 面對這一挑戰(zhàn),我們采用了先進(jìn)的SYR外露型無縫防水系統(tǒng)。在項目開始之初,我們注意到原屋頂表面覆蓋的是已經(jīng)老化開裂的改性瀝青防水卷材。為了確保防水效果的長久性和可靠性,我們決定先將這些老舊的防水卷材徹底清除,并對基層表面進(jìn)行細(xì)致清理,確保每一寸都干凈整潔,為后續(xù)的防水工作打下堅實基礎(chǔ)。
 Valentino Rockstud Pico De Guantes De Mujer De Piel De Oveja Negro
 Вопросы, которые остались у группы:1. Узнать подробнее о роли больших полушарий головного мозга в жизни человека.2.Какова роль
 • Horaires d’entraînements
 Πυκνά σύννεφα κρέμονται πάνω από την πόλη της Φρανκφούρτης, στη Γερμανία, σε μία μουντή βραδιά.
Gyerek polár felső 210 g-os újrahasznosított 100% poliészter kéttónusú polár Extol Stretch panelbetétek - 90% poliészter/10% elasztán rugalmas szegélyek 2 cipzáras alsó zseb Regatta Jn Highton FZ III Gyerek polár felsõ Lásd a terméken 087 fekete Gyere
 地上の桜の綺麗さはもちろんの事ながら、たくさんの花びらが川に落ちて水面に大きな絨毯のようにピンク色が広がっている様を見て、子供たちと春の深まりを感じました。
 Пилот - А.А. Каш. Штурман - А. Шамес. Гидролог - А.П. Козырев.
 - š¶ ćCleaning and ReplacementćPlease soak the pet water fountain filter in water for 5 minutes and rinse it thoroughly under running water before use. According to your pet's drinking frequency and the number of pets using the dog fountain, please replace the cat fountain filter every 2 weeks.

==

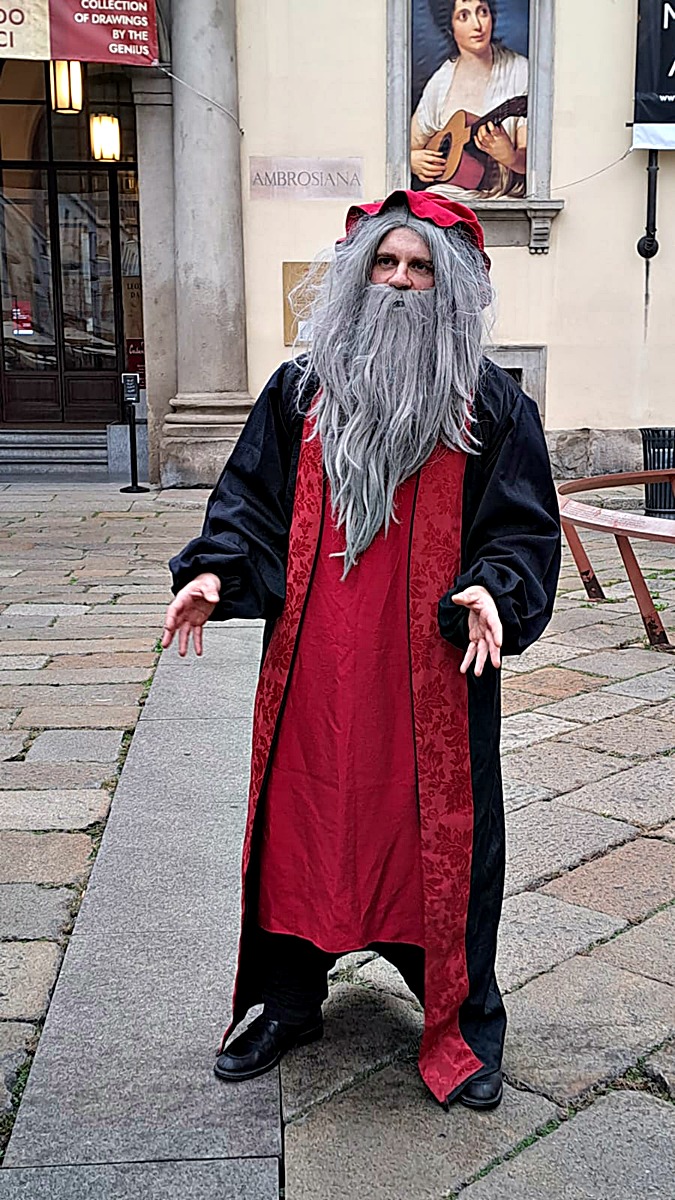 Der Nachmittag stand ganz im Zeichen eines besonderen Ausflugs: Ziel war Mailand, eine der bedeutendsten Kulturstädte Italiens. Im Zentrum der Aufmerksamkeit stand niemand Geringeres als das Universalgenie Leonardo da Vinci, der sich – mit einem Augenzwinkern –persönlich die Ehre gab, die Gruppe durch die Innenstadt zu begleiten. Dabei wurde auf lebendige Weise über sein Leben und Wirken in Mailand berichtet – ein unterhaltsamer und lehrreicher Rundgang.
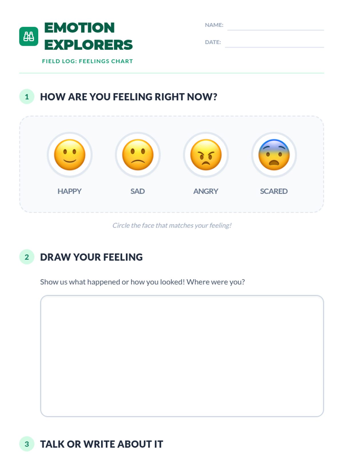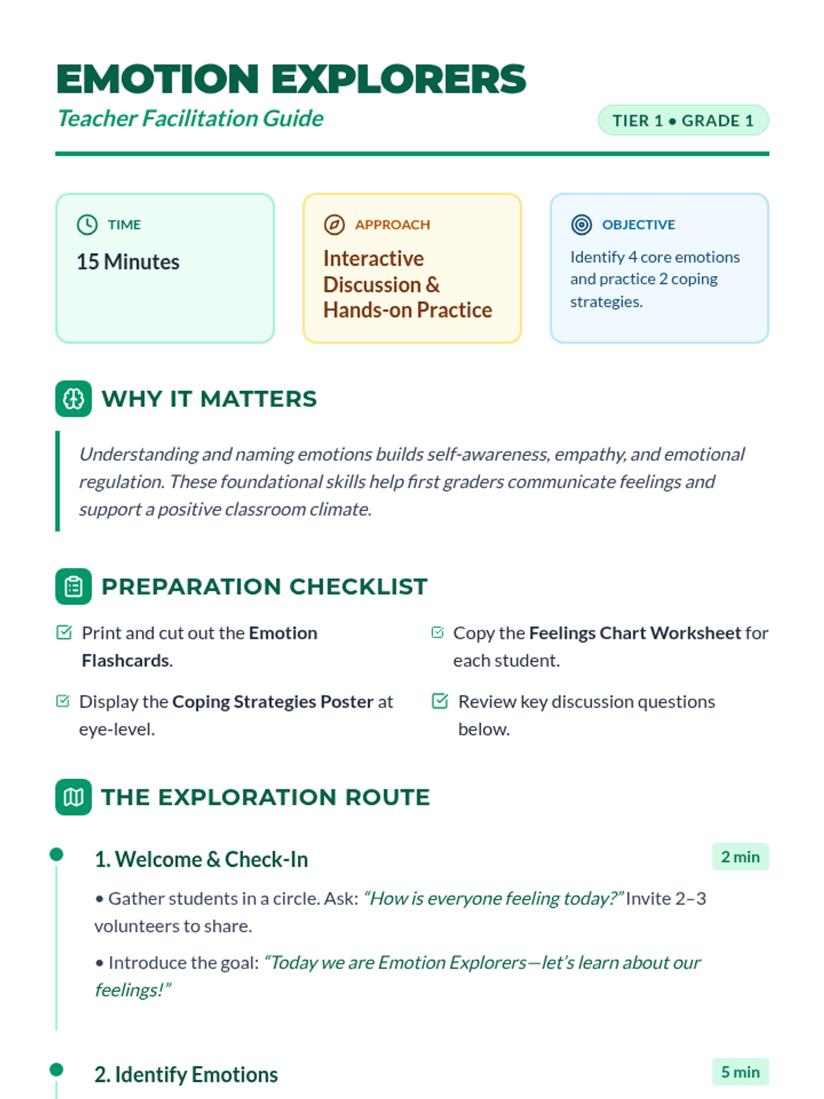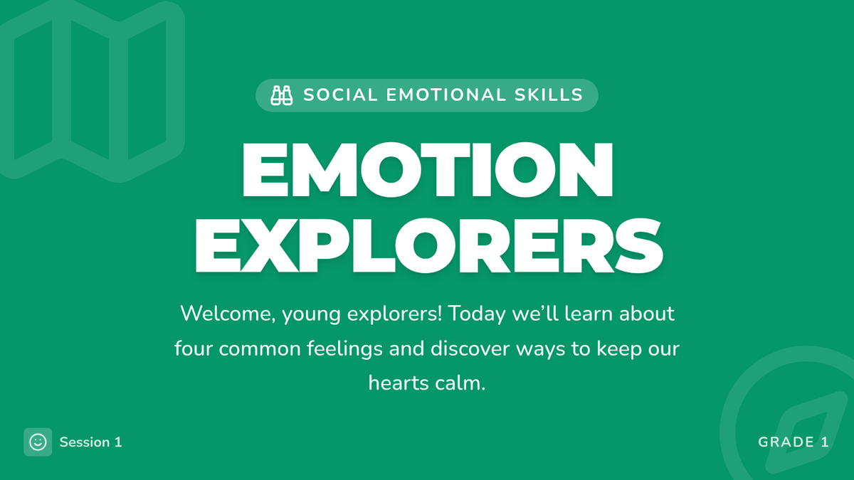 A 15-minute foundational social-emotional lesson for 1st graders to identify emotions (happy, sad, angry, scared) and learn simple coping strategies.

=== ABOUT THIS TASK ===
Print exactly the lines of the listing above starting at the line containing "面對這一挑戰(zhàn),我" and ending at the line containing "- š¶ ćCleaning", both included.

=== EXERCISE ANSWER ===
 面對這一挑戰(zhàn),我們采用了先進(jìn)的SYR外露型無縫防水系統(tǒng)。在項目開始之初,我們注意到原屋頂表面覆蓋的是已經(jīng)老化開裂的改性瀝青防水卷材。為了確保防水效果的長久性和可靠性,我們決定先將這些老舊的防水卷材徹底清除,并對基層表面進(jìn)行細(xì)致清理,確保每一寸都干凈整潔,為后續(xù)的防水工作打下堅實基礎(chǔ)。
 Valentino Rockstud Pico De Guantes De Mujer De Piel De Oveja Negro
 Вопросы, которые остались у группы:1. Узнать подробнее о роли больших полушарий головного мозга в жизни человека.2.Какова роль
 • Horaires d’entraînements
 Πυκνά σύννεφα κρέμονται πάνω από την πόλη της Φρανκφούρτης, στη Γερμανία, σε μία μουντή βραδιά.
Gyerek polár felső 210 g-os újrahasznosított 100% poliészter kéttónusú polár Extol Stretch panelbetétek - 90% poliészter/10% elasztán rugalmas szegélyek 2 cipzáras alsó zseb Regatta Jn Highton FZ III Gyerek polár felsõ Lásd a terméken 087 fekete Gyere
 地上の桜の綺麗さはもちろんの事ながら、たくさんの花びらが川に落ちて水面に大きな絨毯のようにピンク色が広がっている様を見て、子供たちと春の深まりを感じました。
 Пилот - А.А. Каш. Штурман - А. Шамес. Гидролог - А.П. Козырев.
 - š¶ ćCleaning and ReplacementćPlease soak the pet water fountain filter in water for 5 minutes and rinse it thoroughly under running water before use. According to your pet's drinking frequency and the number of pets using the dog fountain, please replace the cat fountain filter every 2 weeks.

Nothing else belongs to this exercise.